Abstract
Objectives: The efficacy and safety of fondaparinux, an emerging therapeutic option for heparin-induced thrombocytopenia (HIT), remain unclear in cardiac surgery patients with HIT.
Methods: Using several search criteria, we reviewed all cases of fondaparinux use in patients who developed HIT after any cardiovascular intervention and were indexed in MEDLINE by August 2014. Based on pre-specified criteria, cases were divided into confirmed HIT, probable HIT and possible HIT. The outcome of fondaparinux use in each group was compared using Chi-square test.

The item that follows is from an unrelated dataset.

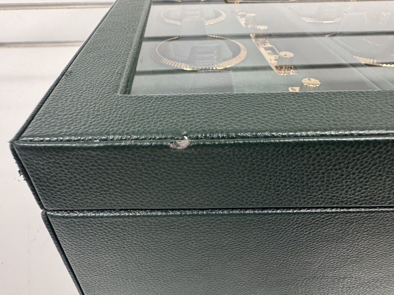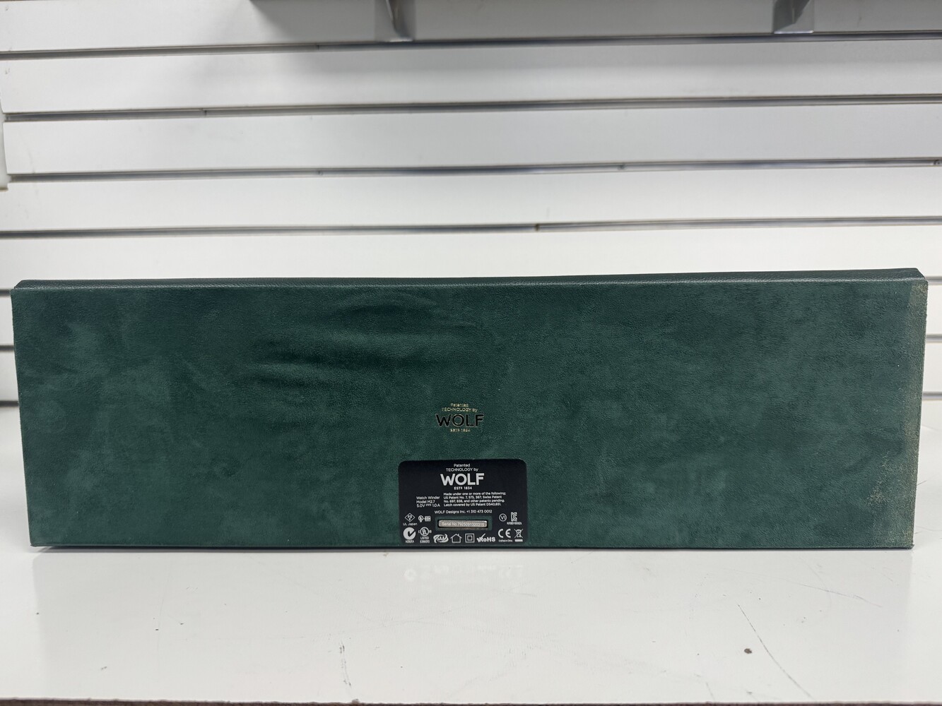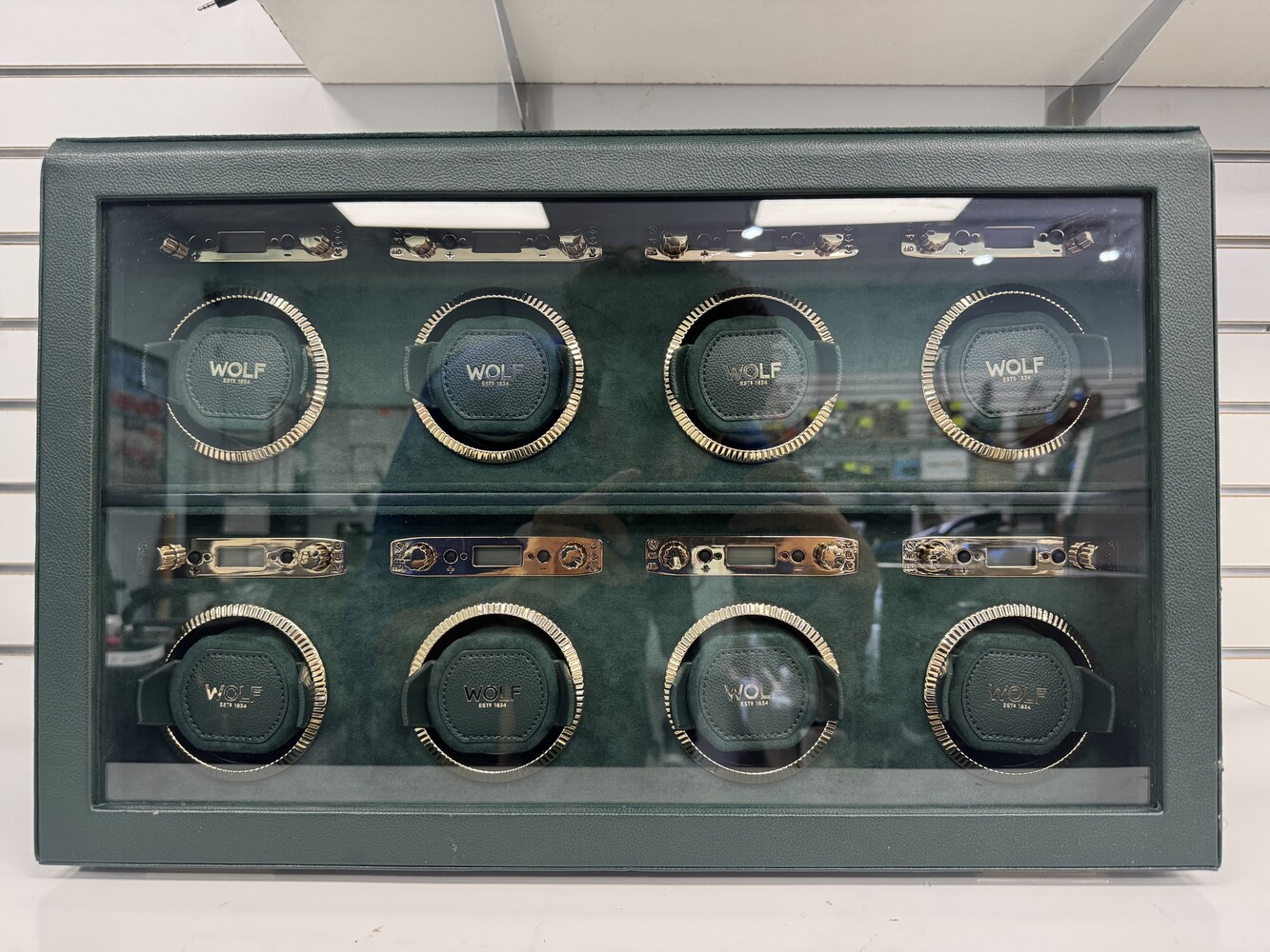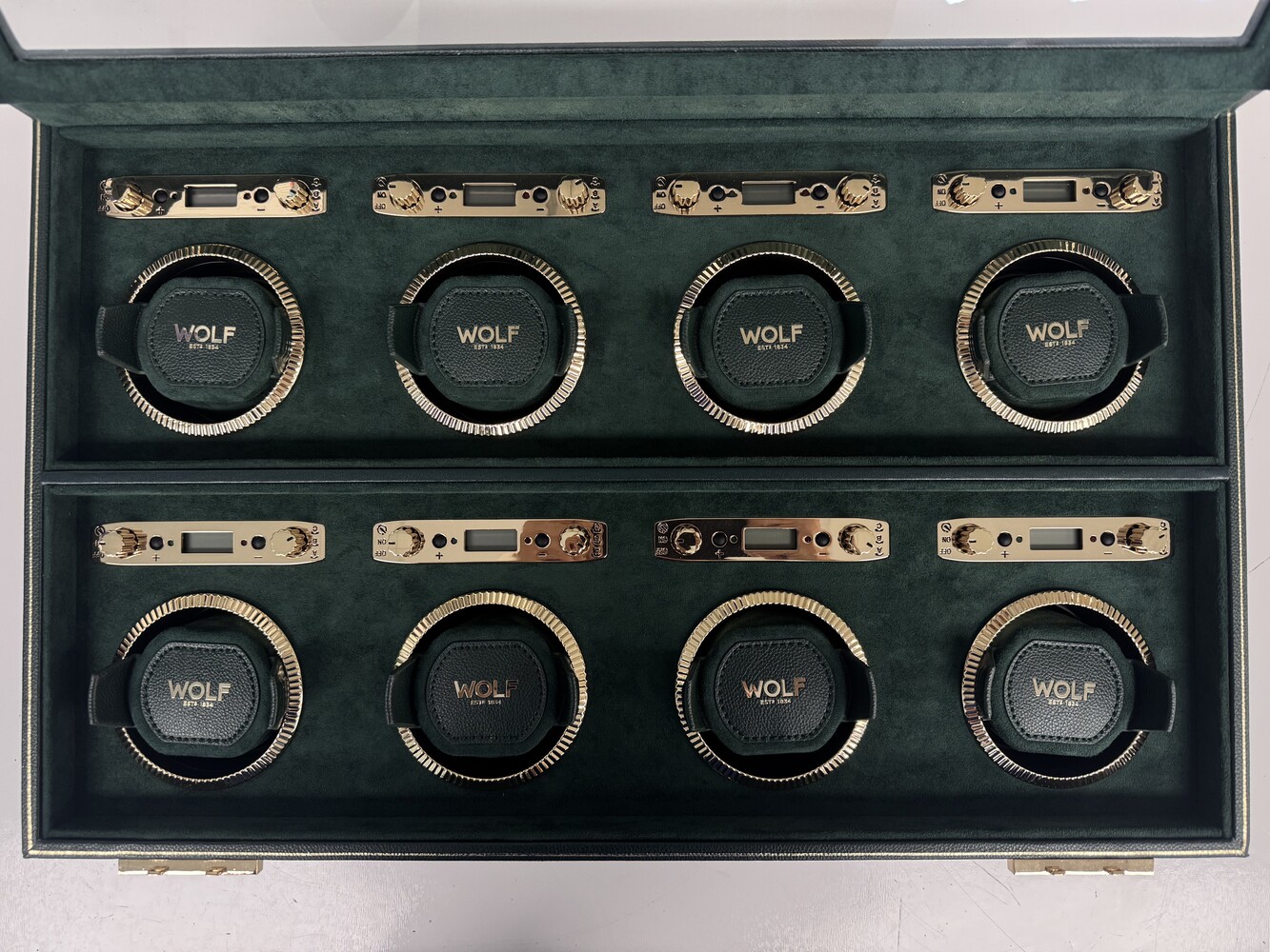 Handmade throughout, British Racing melds the green international motor racing colour of the UK’s cars raced in Ireland in the early 1900’s with a revolutionary quad angled panelled lid. Fine work detailing includes hand-pressed gold foil lines on vegan friendly pebble-grained leather. Gold hardware accents throughout with cushion close hinges and fluted bezel. Another design first from WOLF. Take your watches for a spin in the 8 piece watch winder.

Results: Of 43 total cases, 22 had confirmed HIT and 21 had possible HIT. Valve replacement or repair (39%) and heart transplant or ventricular assist device placement (21%) were the most common preceding cardiovascular interventions. Creatinine clearance <30 ml was present in 27% and 52% of confirmed and possible HIT respectively. Overall the risk of new thrombosis and bleeding with fondaparinux were 4.6% and 7% respectively, without any differences in the two subgroups. The majority (86%) of cases improved clinically; of the remainder patients, similar percentage of cases with possible HIT and confirmed HIT died (24% vs. 5%; p= 0.102). None of the deaths were attributed to HIT or complications of bleeding.
Conclusion: Within the limitations of this study, the risk of thrombosis and bleeding with fondaparinux use in cardiac surgery patients with HIT are low and largely comparable to outcomes reported in literature with other agents.
Keywords: Cardiovascular, fondaparinux, heparin-induced thrombocytopenia, intervention.